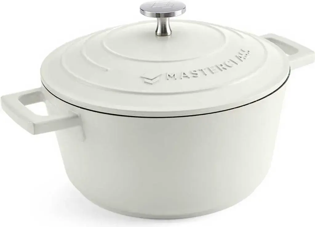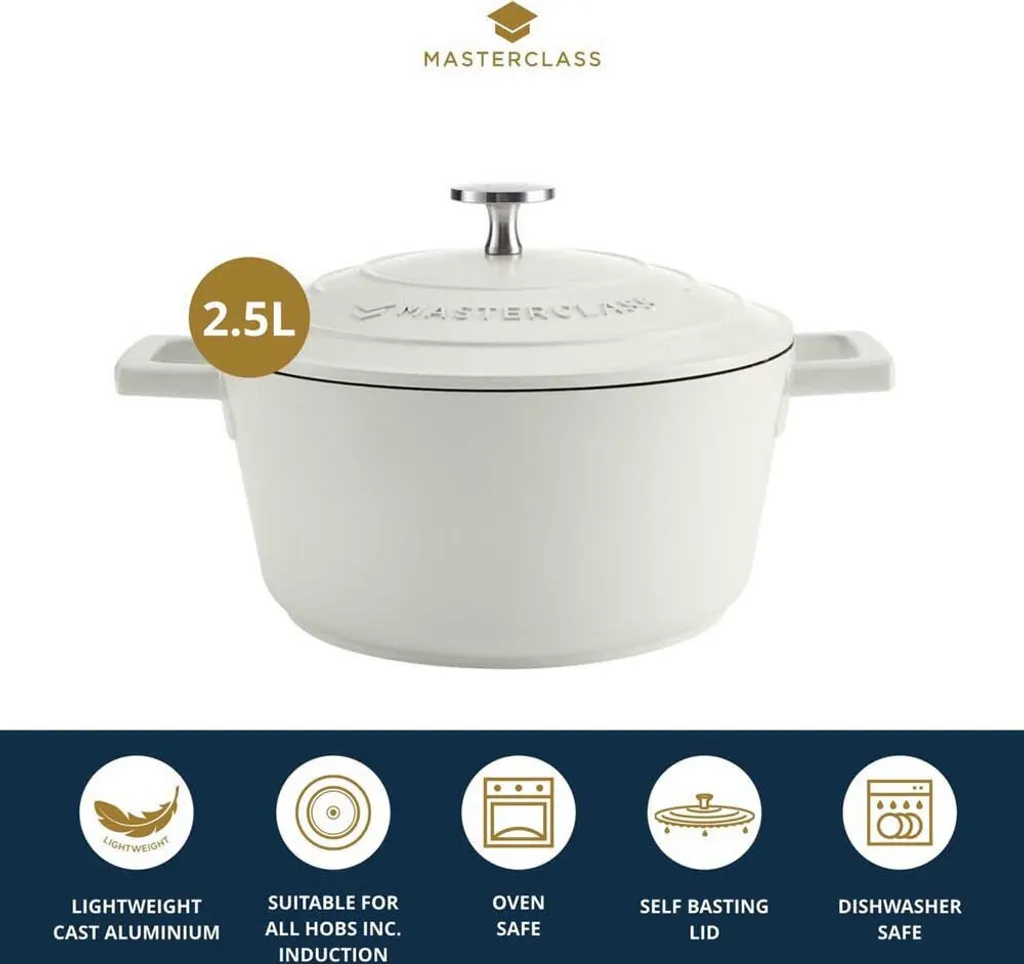Откройте для себя универсальность и выдающиеся характеристики литой алюминиевой кастрюли MasterClass объемом 2,5 л в сливках. Являясь частью популярной коллекции посуды из литого алюминия MasterClass, эта инновационная кастрюля отличается превосходной производительностью и легче чугуна, но при этом столь же прочна. Преимущества: Быстрое и равномерное распределение тепла: алюминиевый материал обеспечивает быстрое и равномерное приготовление пищи, сокращая время приготовления. Подходит для всех типов плит: благодаря дну из нержавеющей стали кастрюлю можно использовать на всех типах плит, включая индукционные. Безопасна для использования в духовке и идеально подходит для медленного приготовления: благодаря термостойкости до 200 °C эта кастрюля идеально подходит для медленного приготовления блюд в духовке. Размер: объем 2,5 л может быть слишком мал для больших семей или если вы регулярно готовите большие блюда. Эта кастрюля была разработана с учетом простоты использования. Она оснащена ручкой и двумя ручками для удобного переноса с плиты в духовку, а также крышкой для удержания пара, что позволяет получать сочные и ароматные блюда. Форма для запекания покрыта чрезвычайно прочным двойным покрытием, устойчивым к царапинам, которое действует как антипригарное покрытие. Это означает, что для приготовления требуется меньше масла, что делает блюда более полезными. Форма для запекания также легко моется и подходит для мытья в посудомоечной машине. Благодаря объему 2,5 л эта форма для запекания идеально подходит для приготовления больших блюд. Литая алюминиевая форма для запекания MasterClass доступна в различных цветах, включая черный, лавандовый, темно-зеленый, мятно-зеленый, синий металлик и серый омбре. Теперь в наличии также кремовый, красный и светло-голубой. MasterClass: Вы всегда хотели стать мастером на кухне, но не хватало подходящих инструментов?
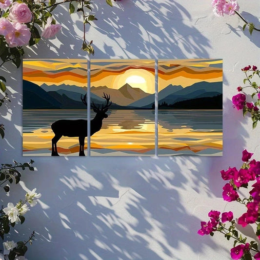 3pcs Sunset Deer and Lake Illustration Metal Print Ready to Hang Art
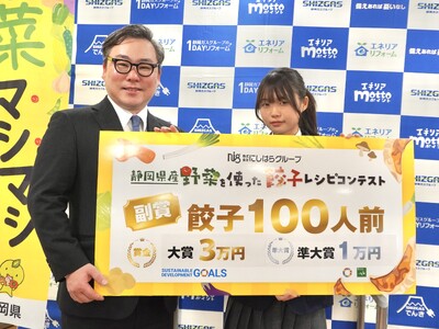 「第3回高校生 静岡県産野菜を使った餃子レシピコンテスト」学校で製作したドライトマトを使用したレシピで、県立田方農業高等学校の八賀さんが大賞を受賞
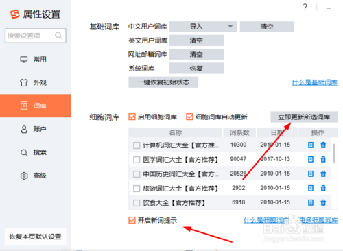 5、我們還可以針對自己感興趣的類型,勾選細(xì)胞詞庫,也會有很大的幫助。
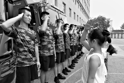 “叔叔,這是干什么用的?” 樂樂拿起一個面罩轉了幾圈?!斑@個叫防毒面具,可以防止毒氣、煙霧進入鼻子和嘴巴?!币幻绬T戰(zhàn)士告訴樂樂,在發(fā)生火災時,為了防止毒氣、煙霧吸入口中,小朋友們可以用濕毛巾代替,把濕毛巾對折捂住嘴巴和鼻子?!懊泶驖窈笞詈蒙晕Q一下,讓毛巾不滴水,這樣防毒的效果最好?!?/p>
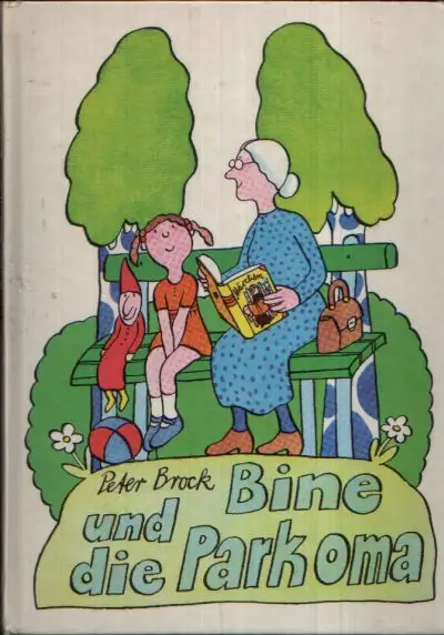 Bine und die Parkoma; Brock, Peter; Kinderbuch; Geschichten; Bine; Kleines Mädchen; Möchte gern Oma haben; Märchen vorlesen; Trifft alte frau im Park; Gleicht Oma aus Buch aufs Haar
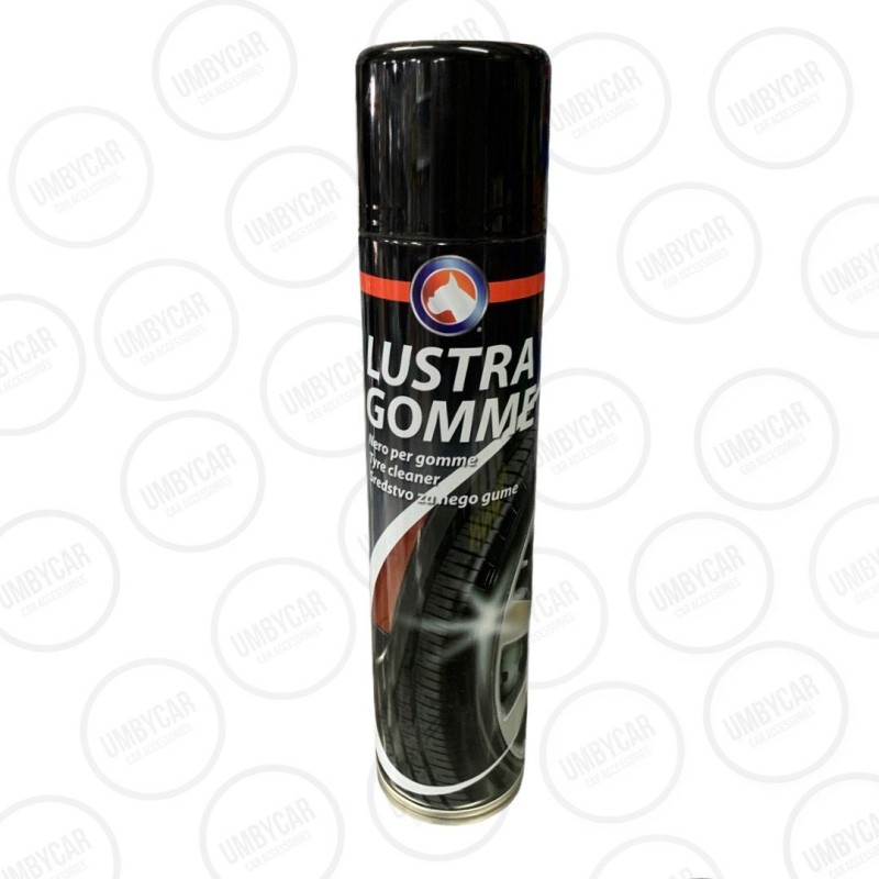 LUSTRAGOMME SPRAY 400 ml E' un prodotto per pulire i pneumatici ed i tappeti di gomma che permette di ottenere il colore originale. I pneumatici così trattati rimangono subito puliti e protetti dagli agenti atmosferici. Previene le screpolature e gli indurimenti del pneumatico. |
════════════════
Could you repeat the entries word for word, skipping the pictures they contain?

# Response to this task
Откройте для себя универсальность и выдающиеся характеристики литой алюминиевой кастрюли MasterClass объемом 2,5 л в сливках. Являясь частью популярной коллекции посуды из литого алюминия MasterClass, эта инновационная кастрюля отличается превосходной производительностью и легче чугуна, но при этом столь же прочна. Преимущества: Быстрое и равномерное распределение тепла: алюминиевый материал обеспечивает быстрое и равномерное приготовление пищи, сокращая время приготовления. Подходит для всех типов плит: благодаря дну из нержавеющей стали кастрюлю можно использовать на всех типах плит, включая индукционные. Безопасна для использования в духовке и идеально подходит для медленного приготовления: благодаря термостойкости до 200 °C эта кастрюля идеально подходит для медленного приготовления блюд в духовке. Размер: объем 2,5 л может быть слишком мал для больших семей или если вы регулярно готовите большие блюда. Эта кастрюля была разработана с учетом простоты использования. Она оснащена ручкой и двумя ручками для удобного переноса с плиты в духовку, а также крышкой для удержания пара, что позволяет получать сочные и ароматные блюда. Форма для запекания покрыта чрезвычайно прочным двойным покрытием, устойчивым к царапинам, которое действует как антипригарное покрытие. Это означает, что для приготовления требуется меньше масла, что делает блюда более полезными. Форма для запекания также легко моется и подходит для мытья в посудомоечной машине. Благодаря объему 2,5 л эта форма для запекания идеально подходит для приготовления больших блюд. Литая алюминиевая форма для запекания MasterClass доступна в различных цветах, включая черный, лавандовый, темно-зеленый, мятно-зеленый, синий металлик и серый омбре. Теперь в наличии также кремовый, красный и светло-голубой. MasterClass: Вы всегда хотели стать мастером на кухне, но не хватало подходящих инструментов?
 3pcs Sunset Deer and Lake Illustration Metal Print Ready to Hang Art
 「第3回高校生 静岡県産野菜を使った餃子レシピコンテスト」学校で製作したドライトマトを使用したレシピで、県立田方農業高等学校の八賀さんが大賞を受賞
 5、我們還可以針對自己感興趣的類型,勾選細(xì)胞詞庫,也會有很大的幫助。
 “叔叔,這是干什么用的?” 樂樂拿起一個面罩轉了幾圈?!斑@個叫防毒面具,可以防止毒氣、煙霧進入鼻子和嘴巴?!币幻绬T戰(zhàn)士告訴樂樂,在發(fā)生火災時,為了防止毒氣、煙霧吸入口中,小朋友們可以用濕毛巾代替,把濕毛巾對折捂住嘴巴和鼻子?!懊泶驖窈笞詈蒙晕Q一下,讓毛巾不滴水,這樣防毒的效果最好?!?/p>
 Bine und die Parkoma; Brock, Peter; Kinderbuch; Geschichten; Bine; Kleines Mädchen; Möchte gern Oma haben; Märchen vorlesen; Trifft alte frau im Park; Gleicht Oma aus Buch aufs Haar
 LUSTRAGOMME SPRAY 400 ml E' un prodotto per pulire i pneumatici ed i tappeti di gomma che permette di ottenere il colore originale. I pneumatici così trattati rimangono subito puliti e protetti dagli agenti atmosferici. Previene le screpolature e gli indurimenti del pneumatico. |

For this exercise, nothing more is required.